■ Instructions for the task
All lines from the beginning of the listing through the line with "На место вызвали" are to be copied word for word; the pictures are not.

■ Supplied data
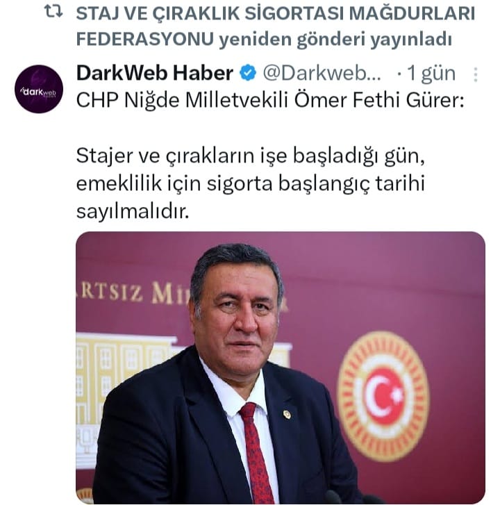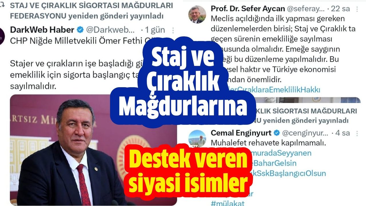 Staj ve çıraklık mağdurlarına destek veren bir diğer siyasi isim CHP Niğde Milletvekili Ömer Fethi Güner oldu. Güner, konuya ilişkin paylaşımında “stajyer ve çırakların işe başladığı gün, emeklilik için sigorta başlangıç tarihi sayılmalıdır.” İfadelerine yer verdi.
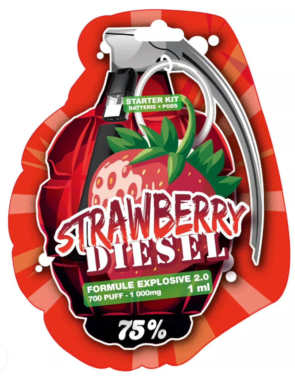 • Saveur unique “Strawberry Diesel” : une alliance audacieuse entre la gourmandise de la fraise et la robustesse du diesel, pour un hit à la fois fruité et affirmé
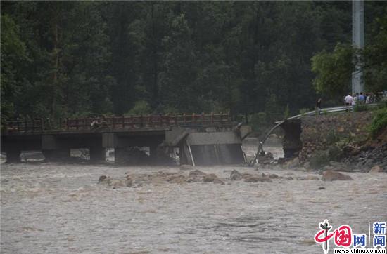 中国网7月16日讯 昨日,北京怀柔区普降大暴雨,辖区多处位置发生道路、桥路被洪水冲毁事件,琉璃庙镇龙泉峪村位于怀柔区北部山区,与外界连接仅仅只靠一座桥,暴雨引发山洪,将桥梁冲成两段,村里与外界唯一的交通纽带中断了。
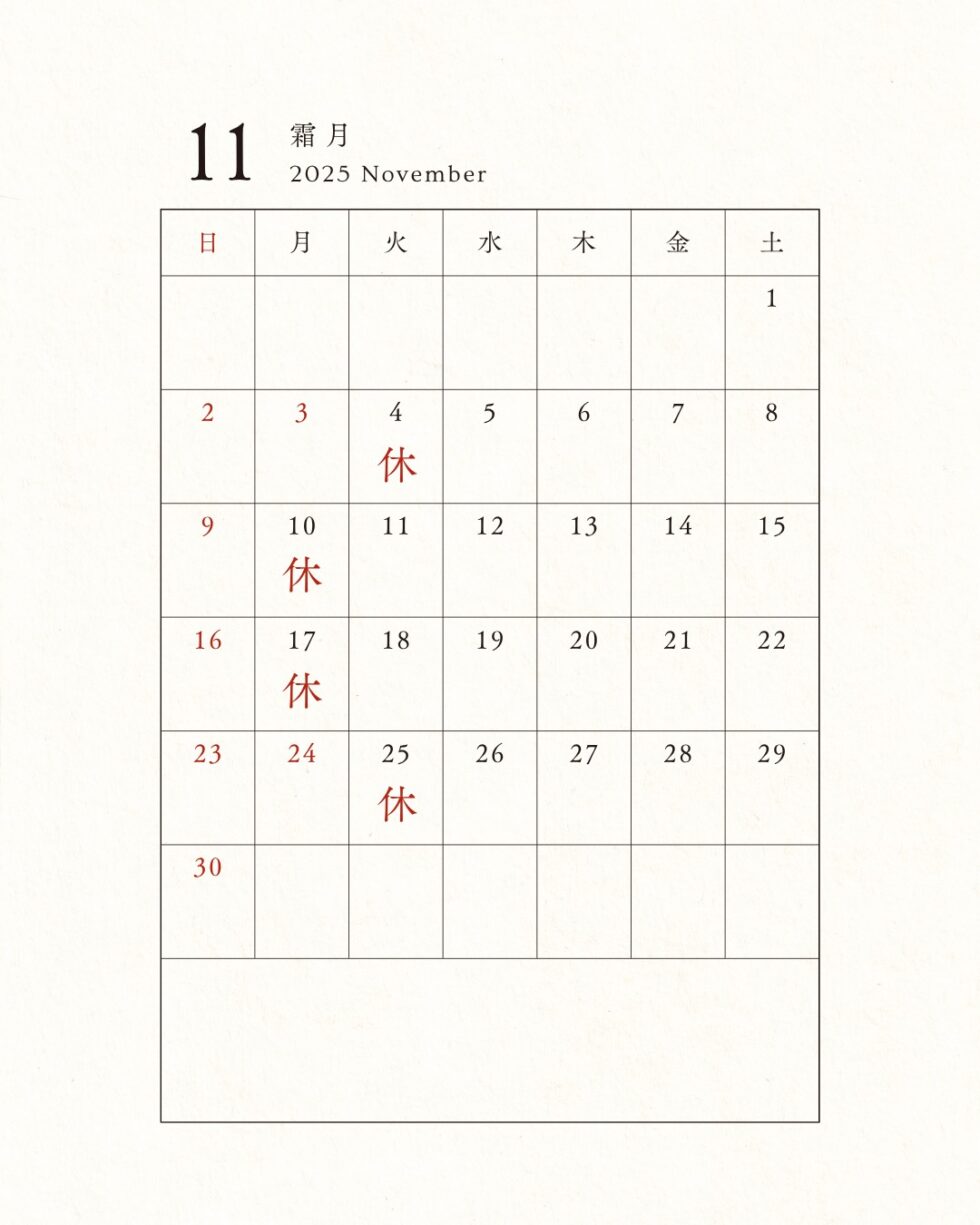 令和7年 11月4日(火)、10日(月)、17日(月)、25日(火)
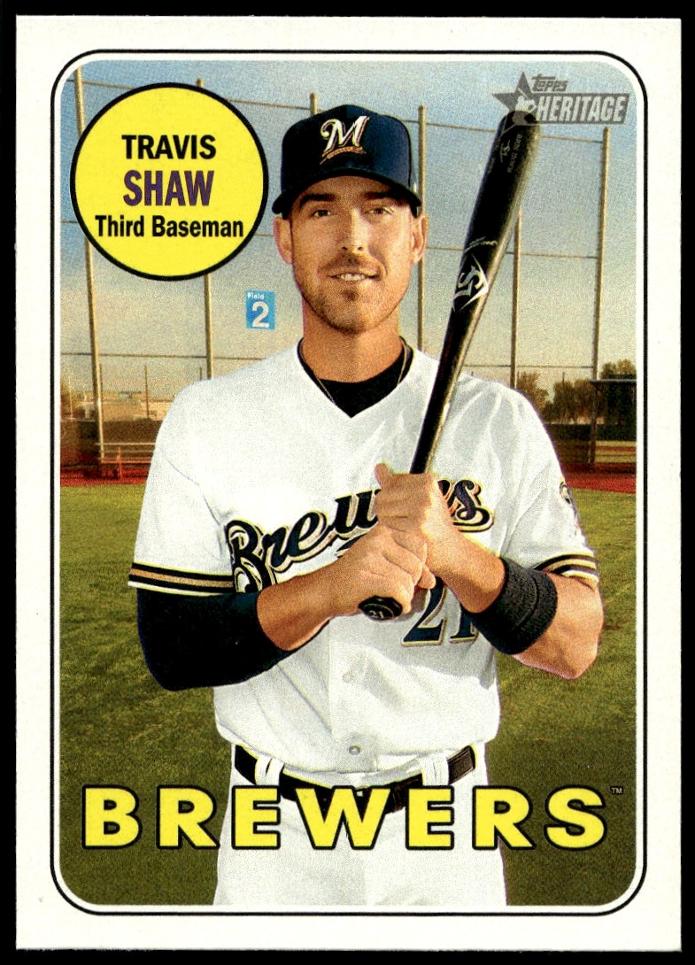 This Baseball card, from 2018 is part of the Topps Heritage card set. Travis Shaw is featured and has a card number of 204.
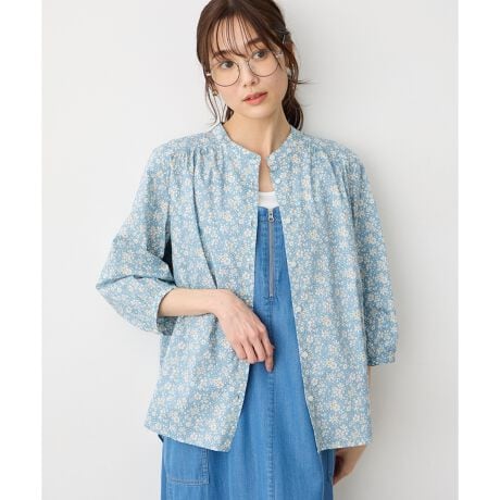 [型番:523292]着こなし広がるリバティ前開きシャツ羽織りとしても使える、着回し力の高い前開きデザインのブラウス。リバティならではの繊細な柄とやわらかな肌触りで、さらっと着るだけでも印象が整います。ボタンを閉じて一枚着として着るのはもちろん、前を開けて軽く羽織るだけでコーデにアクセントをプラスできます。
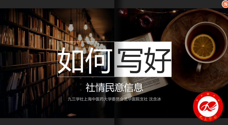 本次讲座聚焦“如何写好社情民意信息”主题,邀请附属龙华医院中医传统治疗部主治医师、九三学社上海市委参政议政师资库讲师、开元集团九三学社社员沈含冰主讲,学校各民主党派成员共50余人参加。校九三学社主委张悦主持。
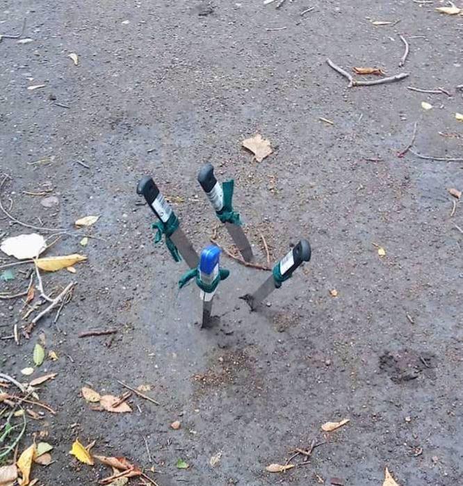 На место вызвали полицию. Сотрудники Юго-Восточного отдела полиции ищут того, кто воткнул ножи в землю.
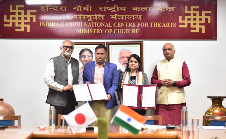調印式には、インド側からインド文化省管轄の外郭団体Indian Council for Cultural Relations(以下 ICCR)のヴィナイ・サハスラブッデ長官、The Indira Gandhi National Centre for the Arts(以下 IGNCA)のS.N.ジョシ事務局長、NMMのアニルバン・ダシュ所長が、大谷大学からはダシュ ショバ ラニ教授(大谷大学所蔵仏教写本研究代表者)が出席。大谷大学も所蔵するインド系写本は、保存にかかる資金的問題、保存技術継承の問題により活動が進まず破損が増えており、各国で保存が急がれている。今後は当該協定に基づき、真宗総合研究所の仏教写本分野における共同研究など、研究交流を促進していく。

■ Solution for this task
 Staj ve çıraklık mağdurlarına destek veren bir diğer siyasi isim CHP Niğde Milletvekili Ömer Fethi Güner oldu. Güner, konuya ilişkin paylaşımında “stajyer ve çırakların işe başladığı gün, emeklilik için sigorta başlangıç tarihi sayılmalıdır.” İfadelerine yer verdi.
 • Saveur unique “Strawberry Diesel” : une alliance audacieuse entre la gourmandise de la fraise et la robustesse du diesel, pour un hit à la fois fruité et affirmé
 中国网7月16日讯 昨日,北京怀柔区普降大暴雨,辖区多处位置发生道路、桥路被洪水冲毁事件,琉璃庙镇龙泉峪村位于怀柔区北部山区,与外界连接仅仅只靠一座桥,暴雨引发山洪,将桥梁冲成两段,村里与外界唯一的交通纽带中断了。
 令和7年 11月4日(火)、10日(月)、17日(月)、25日(火)
 This Baseball card, from 2018 is part of the Topps Heritage card set. Travis Shaw is featured and has a card number of 204.
 [型番:523292]着こなし広がるリバティ前開きシャツ羽織りとしても使える、着回し力の高い前開きデザインのブラウス。リバティならではの繊細な柄とやわらかな肌触りで、さらっと着るだけでも印象が整います。ボタンを閉じて一枚着として着るのはもちろん、前を開けて軽く羽織るだけでコーデにアクセントをプラスできます。
 本次讲座聚焦“如何写好社情民意信息”主题,邀请附属龙华医院中医传统治疗部主治医师、九三学社上海市委参政议政师资库讲师、开元集团九三学社社员沈含冰主讲,学校各民主党派成员共50余人参加。校九三学社主委张悦主持。
 На место вызвали полицию. Сотрудники Юго-Восточного отдела полиции ищут того, кто воткнул ножи в землю.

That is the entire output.